Work request: Your task is to write out every line of the data exactly. Drop the pictures.

-- Given information follows --

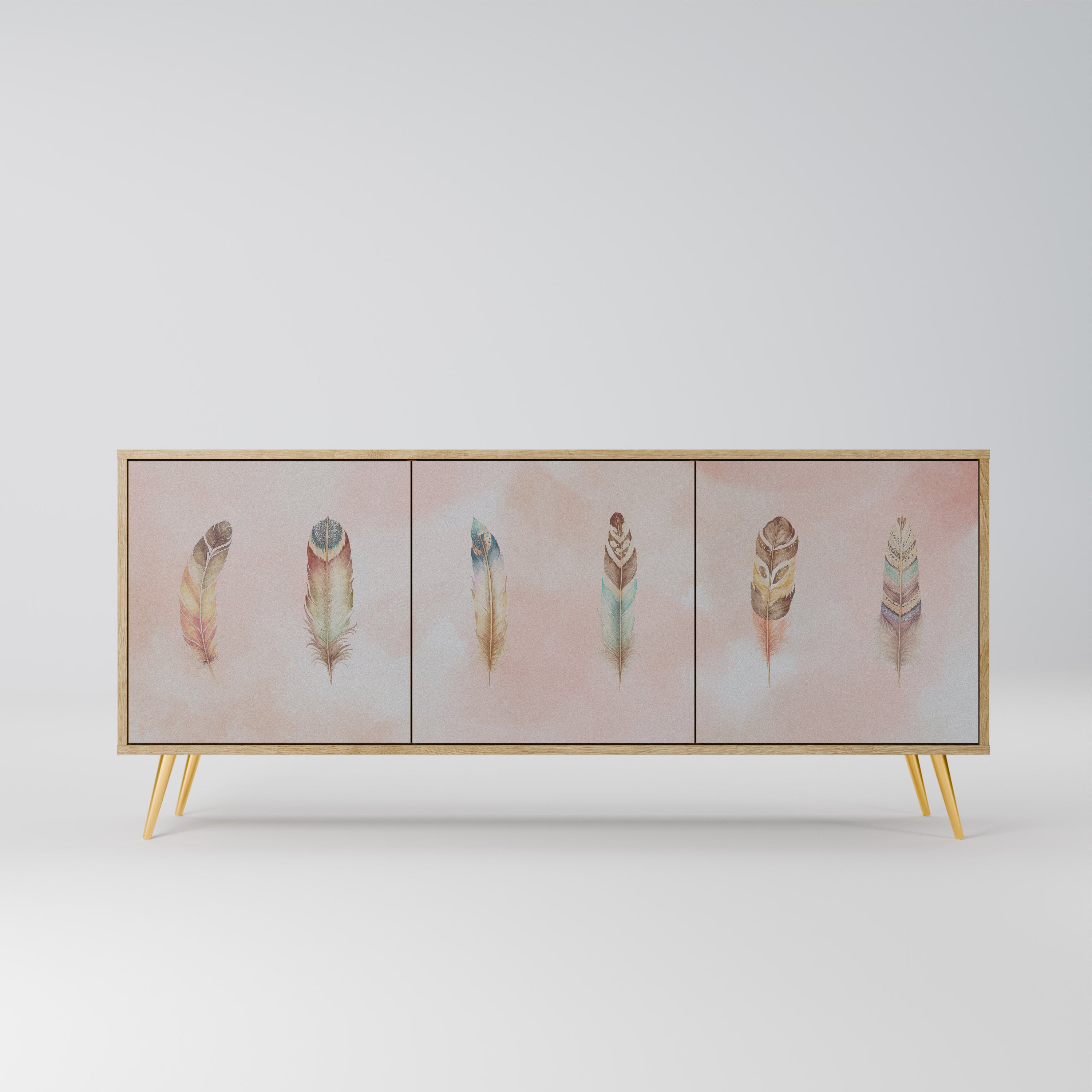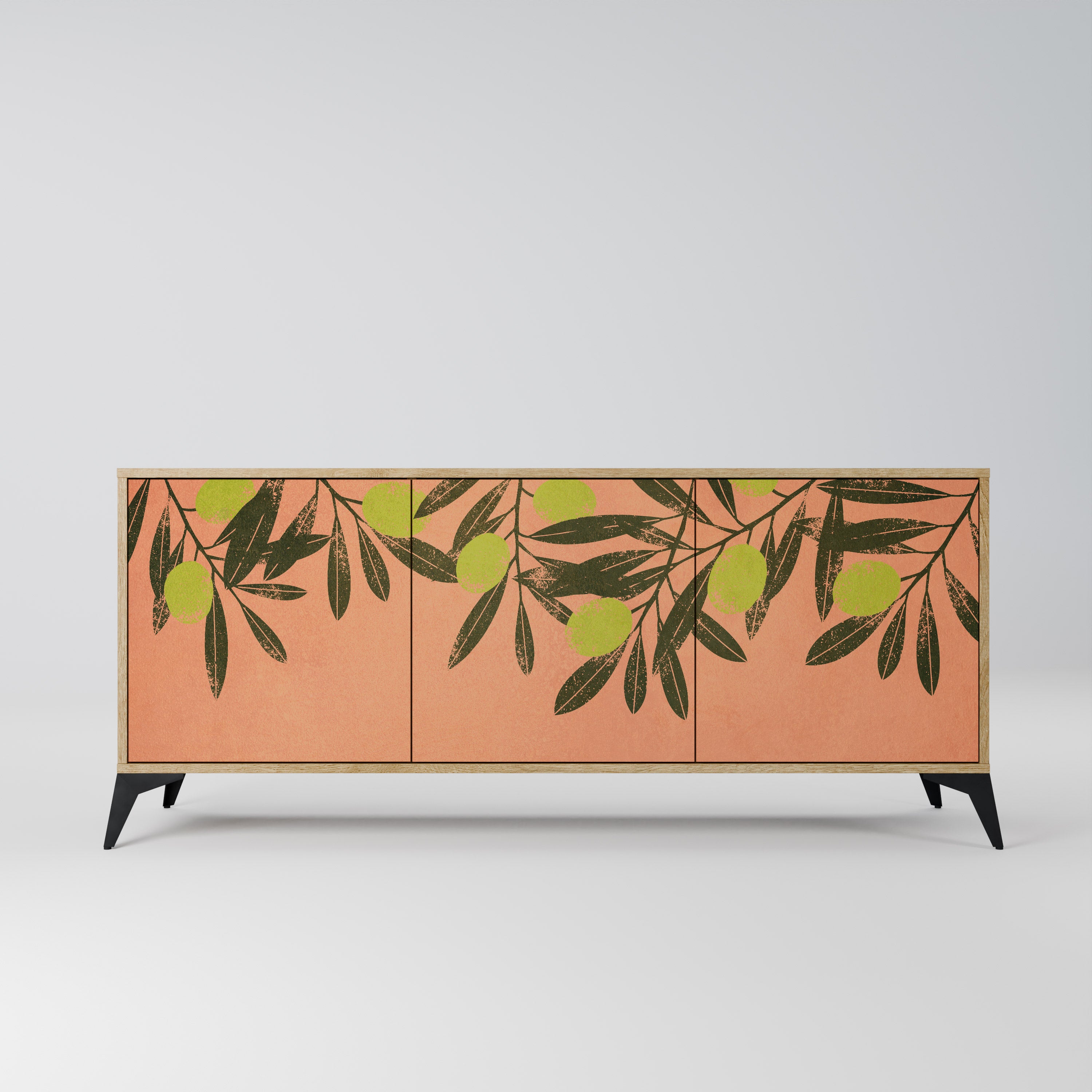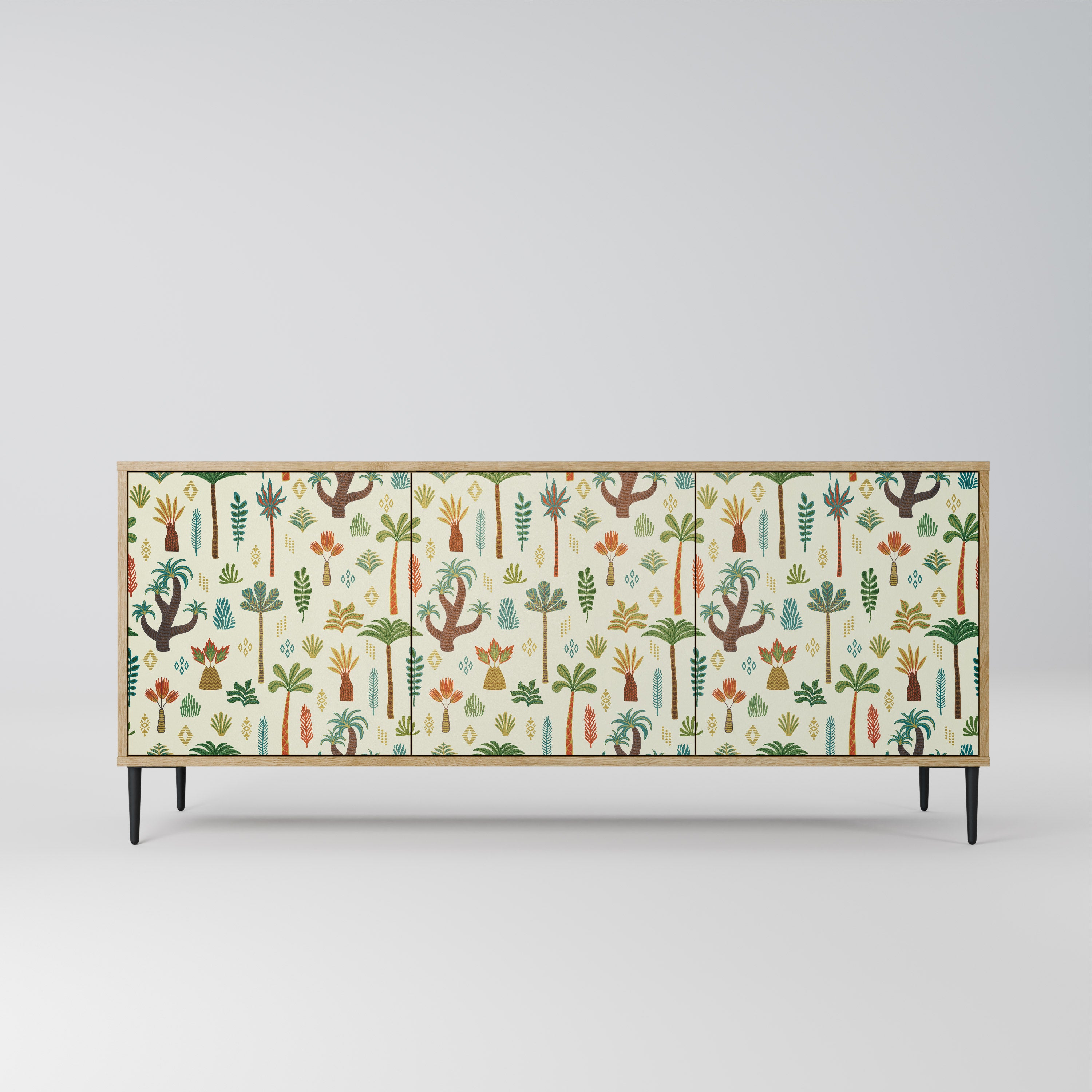 LEAVES ON BEIGE 3-Door Sideboard in Oak Effect LEAVES ON BEIGE 3-Door Sideboard in Oak Effect
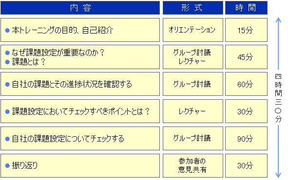 このような状況を踏まえ、『課題設定実践トレーニング』では、事業企画の策定や改革活動の推進に関わる経営者や事業責任者に対して、課題設定の重要性やポイントを理解し、自社の課題について再確認できる機会を提供することで、適切な課題設定が行えるようになることを目的としています。
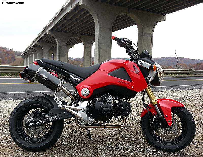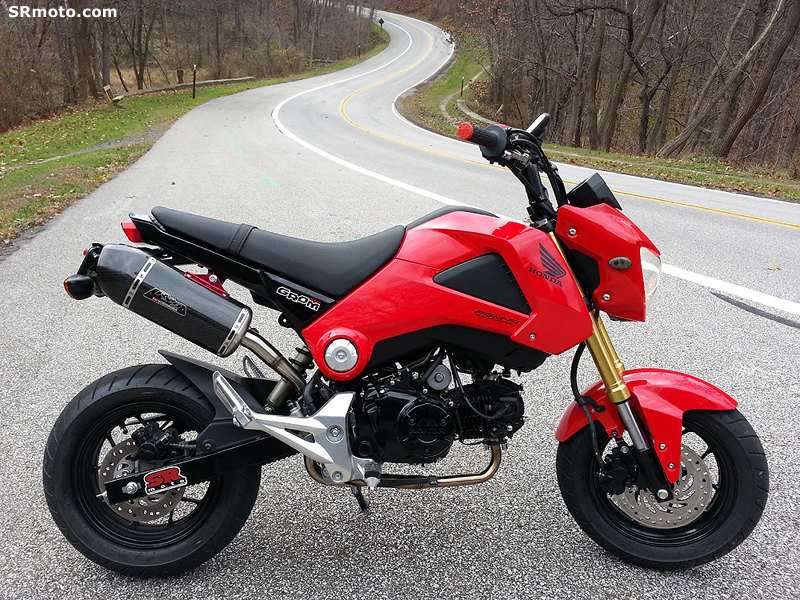 The SRmoto.com Honda Grom Project Bike is a 2014 model being setup for bombing the back roads around our shop. It currently has the following mods and accessories…

-- Given information concluded --

Solution below:
 LEAVES ON BEIGE 3-Door Sideboard in Oak Effect LEAVES ON BEIGE 3-Door Sideboard in Oak Effect
 このような状況を踏まえ、『課題設定実践トレーニング』では、事業企画の策定や改革活動の推進に関わる経営者や事業責任者に対して、課題設定の重要性やポイントを理解し、自社の課題について再確認できる機会を提供することで、適切な課題設定が行えるようになることを目的としています。
 The SRmoto.com Honda Grom Project Bike is a 2014 model being setup for bombing the back roads around our shop. It currently has the following mods and accessories…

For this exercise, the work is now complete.